■ INPUT DATA ■
"""

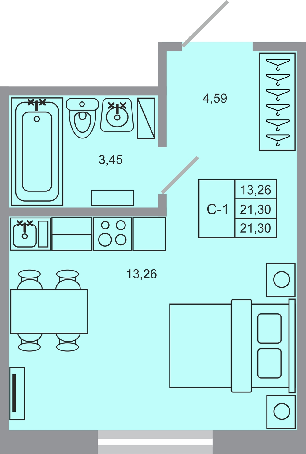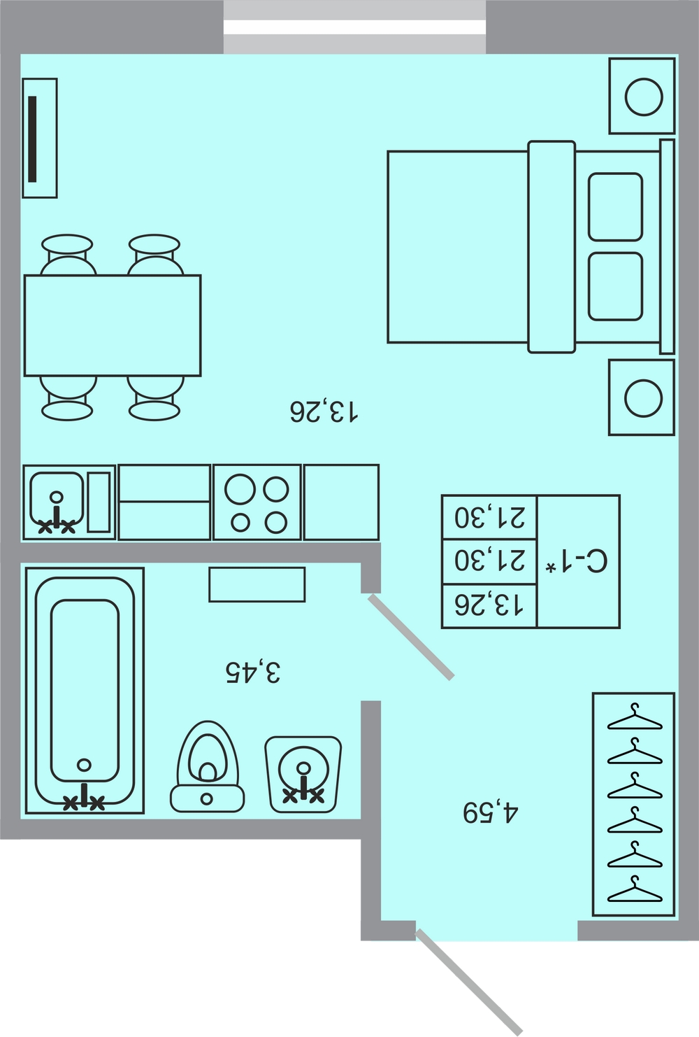 Однокомнатные квартиры (39 квартир, 6 планировок)
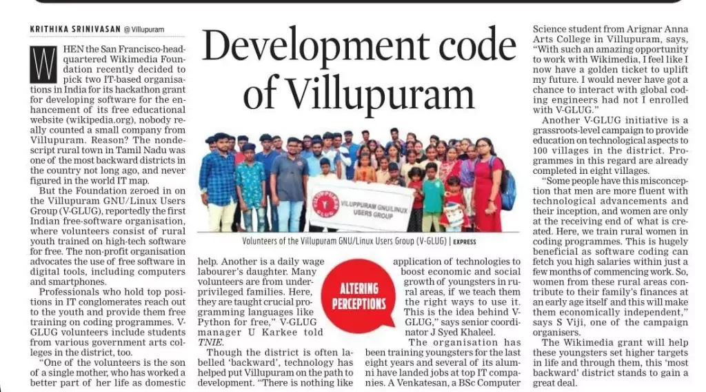 Viluppuram GNU/Linux Users Group (VGLUG) is a non profit organization started in 2013, Impression of worldwide Free and Open Source Software movement.
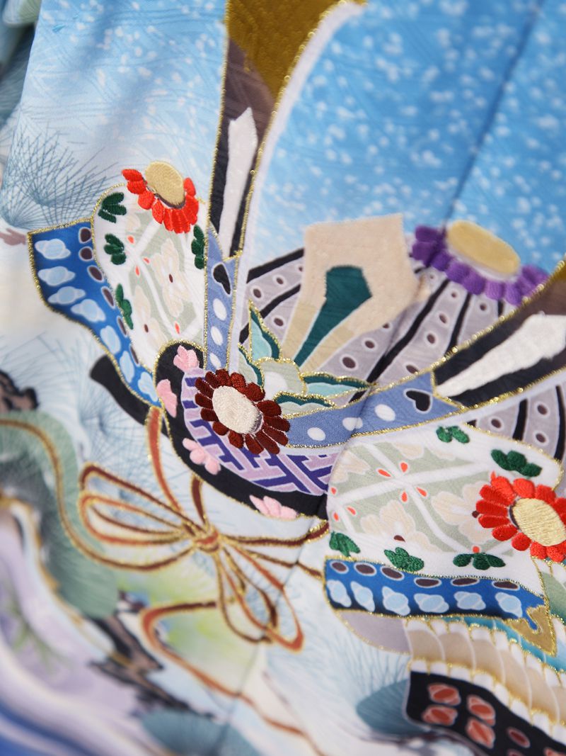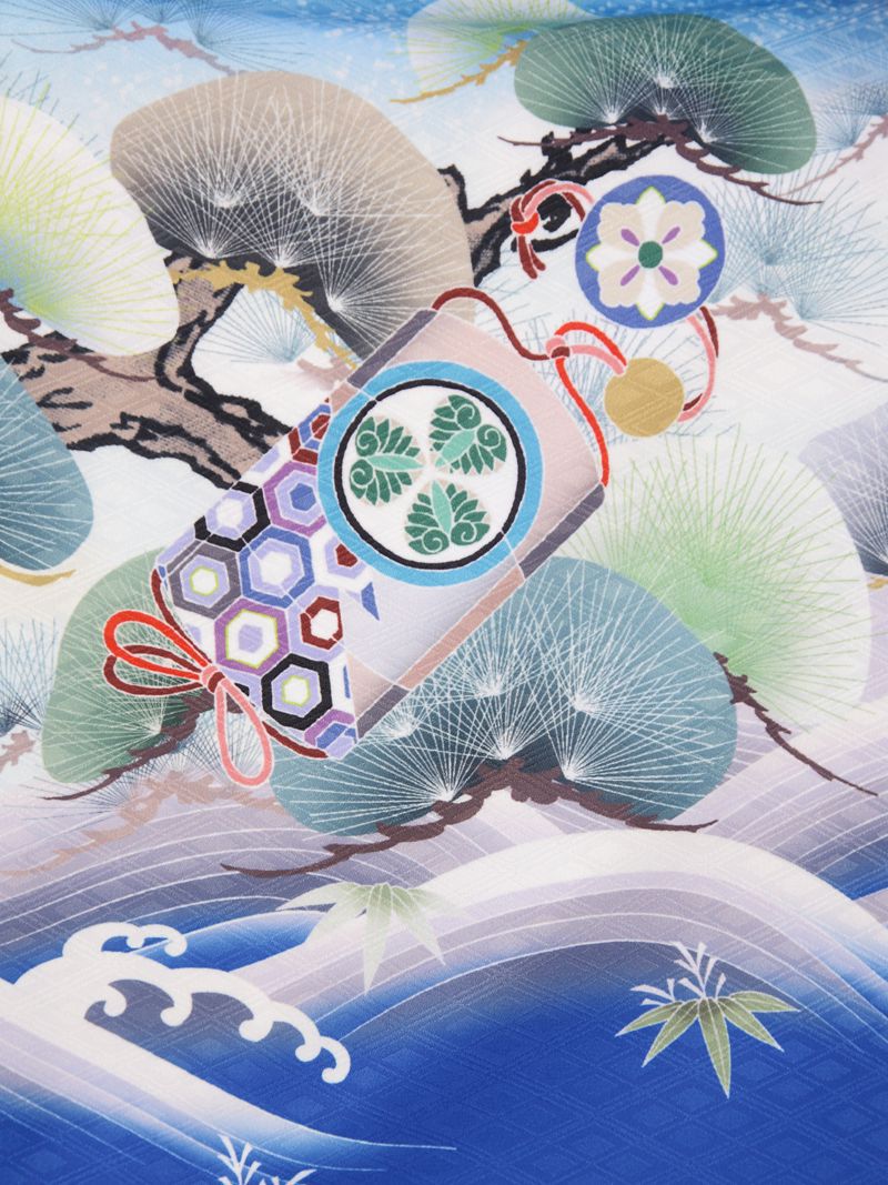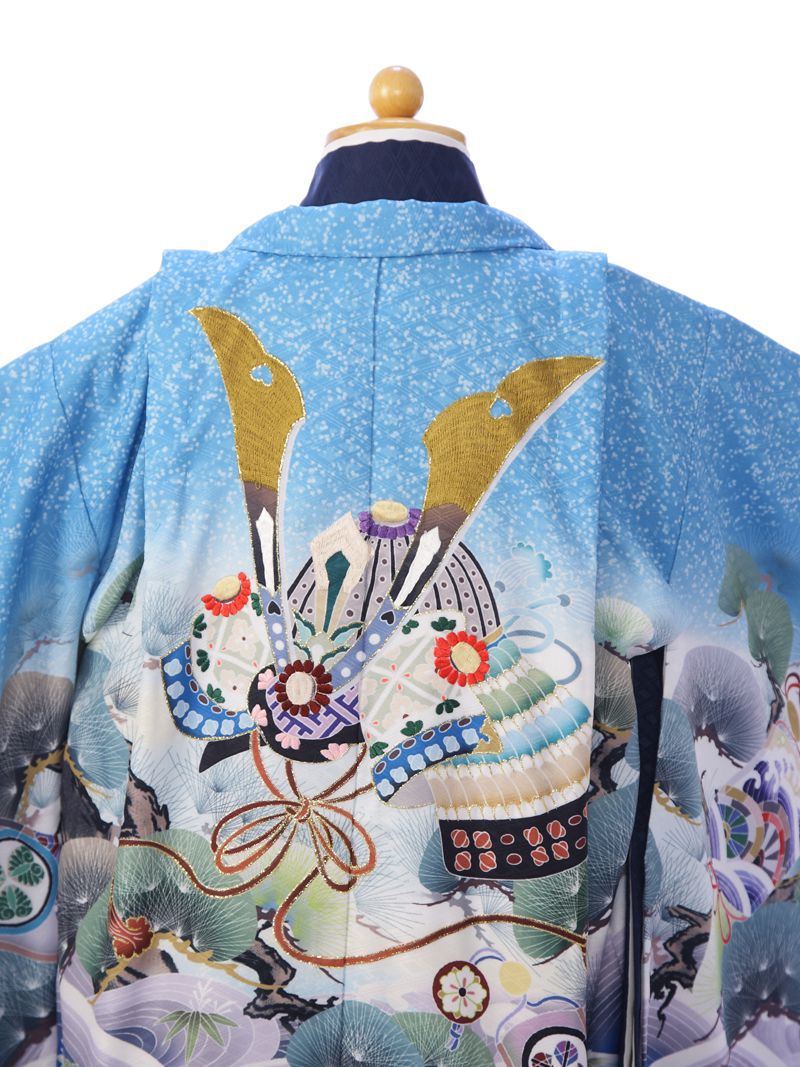 羽織:水色たたき染地 兜 松 波

"""

■ THE TASK ■
Apart from the pictures, all of the data should be repeated exactly.

■ PROBLEM SOLUTION ■
 Однокомнатные квартиры (39 квартир, 6 планировок)
 Viluppuram GNU/Linux Users Group (VGLUG) is a non profit organization started in 2013, Impression of worldwide Free and Open Source Software movement.
 羽織:水色たたき染地 兜 松 波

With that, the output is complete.